3.3. Characterization of Virulence Factors

All strains presented at least one of the virulence genes studied, indicating that they have different degrees of potential virulence. The most identified genes were cadF (62/81), ciaB (50/81), pldA (49/81) and flaA (44/81), and the least identified were sodB and cdtABC (

Table 6. Number and percentage of virulence genes in the 81 strains of Campylobacter spp. isolated from meat products.

GENE	Chicken Carcasses-n(%)			Total 1 N(%)	Other Meat Matrix-n(%)			Total 2 N(%)	TOTAL
	C. jejuni	C. coli	C. spp.		C. jejuni	C. coli	C. spp.		N(%)
ciaB	23 (92.0)	7 (63.6)	7 (70.0)	37 (80.4) a	4 (66.6)	5 (55.5)	4 (20.0)	13 (37.1) b	50 (61.7)
pldA	21 (84.0)	8 (72.7)	9 (90.0)	38 (82.6) a	3 (50.0)	2 (22.2)	6 (30.0)	11 (31.4) b	49 (60.5)
flaA	19 (76.0)	11 (100.0)	6 (60.0)	36 (78.3) a	2 (33.3)	4 (44.4)	2 (10.0)	8 (22.8) b	44 (54.3)
cadF	24 (96.0)	11 (100.0)	9 (90.0)	44 (95.6) a	3 (50.0)	6 (50.0)	9 (45.0)	18 (51.4) b	62 (76.5)
cdtA	14 (56.0)	3 (27.3)	4 (40.0)	21 (45.6) a	2 (33.3)	0	1 (5.0)	3 (8.5) b	24 (29.6)
cdtB	15 (60.0)	3 (27.3)	4 (40.0)	22 (47.8) a	2 (33.3)	0	1 (5.0)	3 (8.5) b	25 (30.9)
cdtC	14 (56.0)	3 (27.3)	4 (40.0)	21 (45.6) a	1 (16.7)	0	1 (5.0)	2 (5.7) b	23 (28.4)
luxS	14 (56.0)	0	1 (10.0)	15 (32.6) a	6 (100.0)	5 (55.5)	14 (70.0)	25 (71.4) b	40 (49.4)
dnaJ	18 (72.0)	7 (63.6)	5 (50.0)	30 (65.3) a	1 (16.7)	5 (55.5)	7 (35.0)	13 (37.1) b	43 (53.0)
sodB	2 (8.0)	0	0	2 (4.4) a	0	0	0	0 a	2 (2.4)
TOTAL	25 (54.3)	11 (24.0)	10 (21.7)	46 (100)	6 (17.1)	9 (25.7)	20 (57.2)	35 (100)	81 (100)

C. spp.: Campylobacter spp.; Total ¹ refers to isolates from chicken carcasses.
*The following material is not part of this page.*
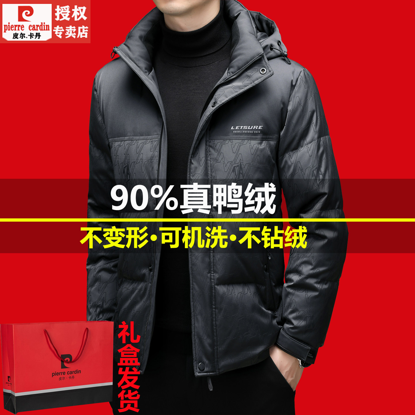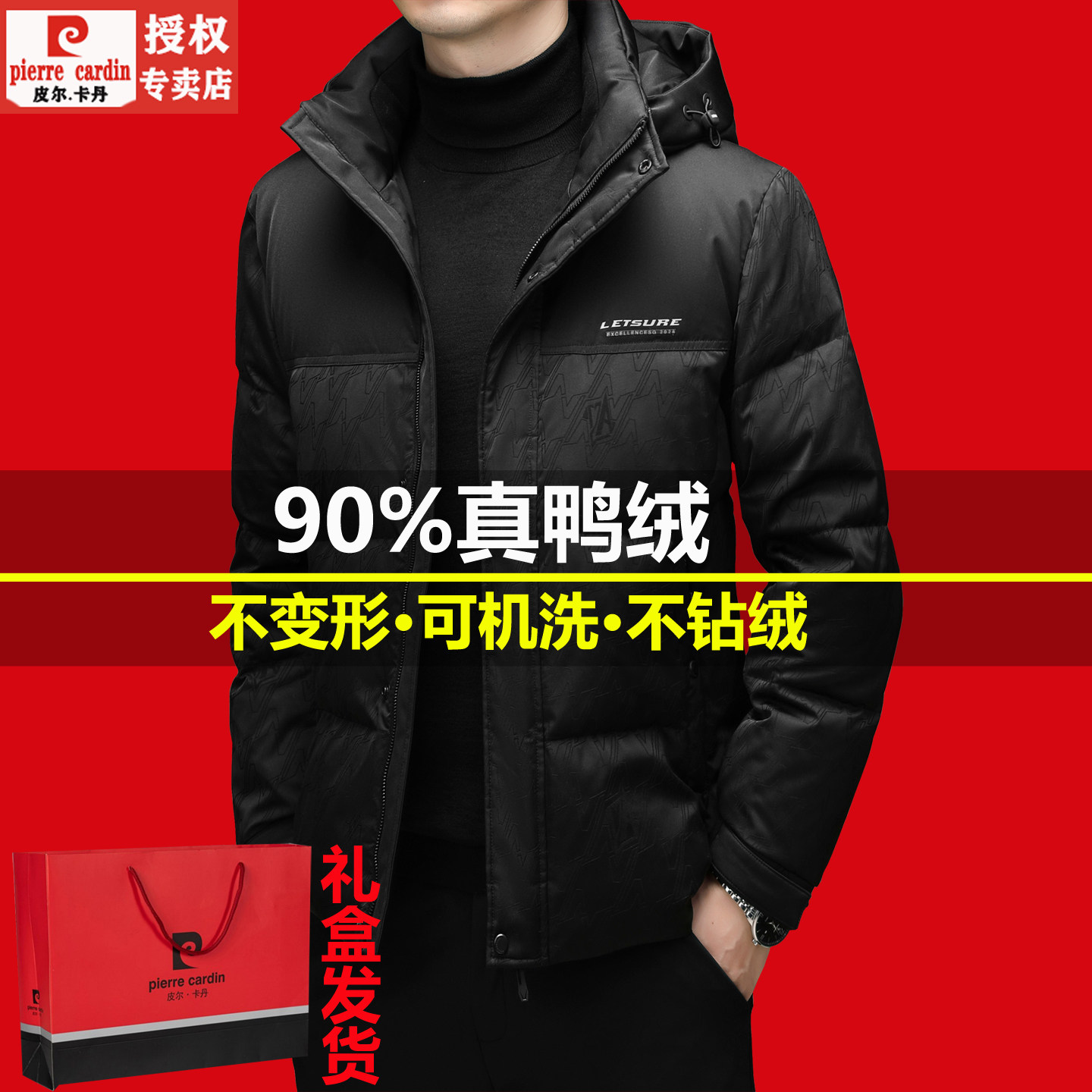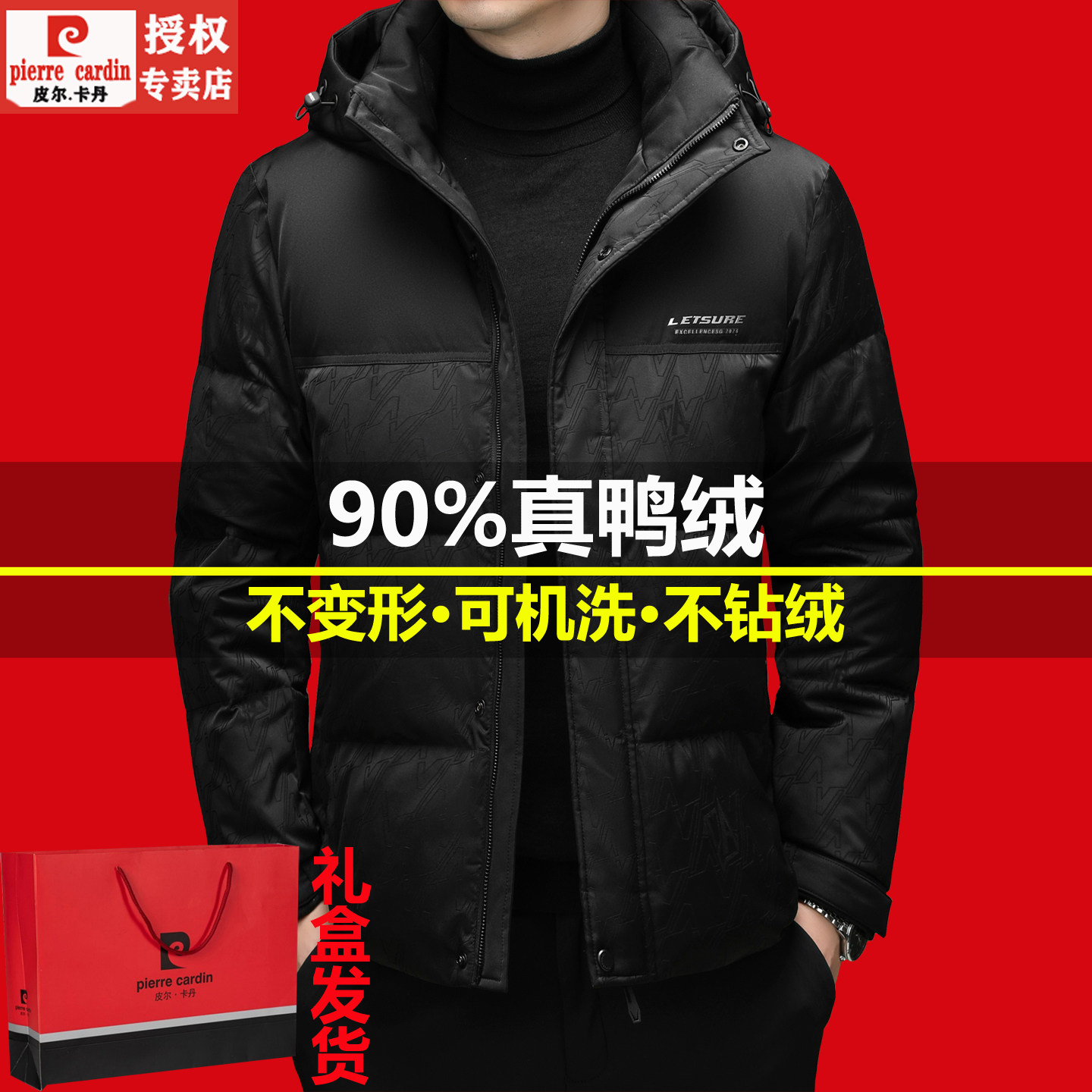 皮尔卡丹羽绒服男士冬季新款保暖抗寒可卸连帽短款加厚白鸭绒外套

Total ² refers to isolates from other breeds. Different letters in ^(a,b) the same row indicate p < 0.05, Fisher’s exact test.

).

The prevalence of 8/10 virulence genes were evident in samples from broiler carcasses compared to isolates from the other matrices (p < 0.02, Fisher test). The exceptions were the sodB gene, poorly identified in the samples (2/81, 2.5%), and the luxS gene, more prevalent in isolates from other meat sources (25/35, 71.4%; p = 0.001, Fisher test). C. jejuni showed significantly higher virulence percentages for the ciaB (p = 0.042), cdtABC (p = 0.018) and luxS (p = 0.009) genes compared to the other species, and C. coli showed a high prevalence of pldA (p = 0.034), flaA (p = 0.002) and cadF (p = 0.021).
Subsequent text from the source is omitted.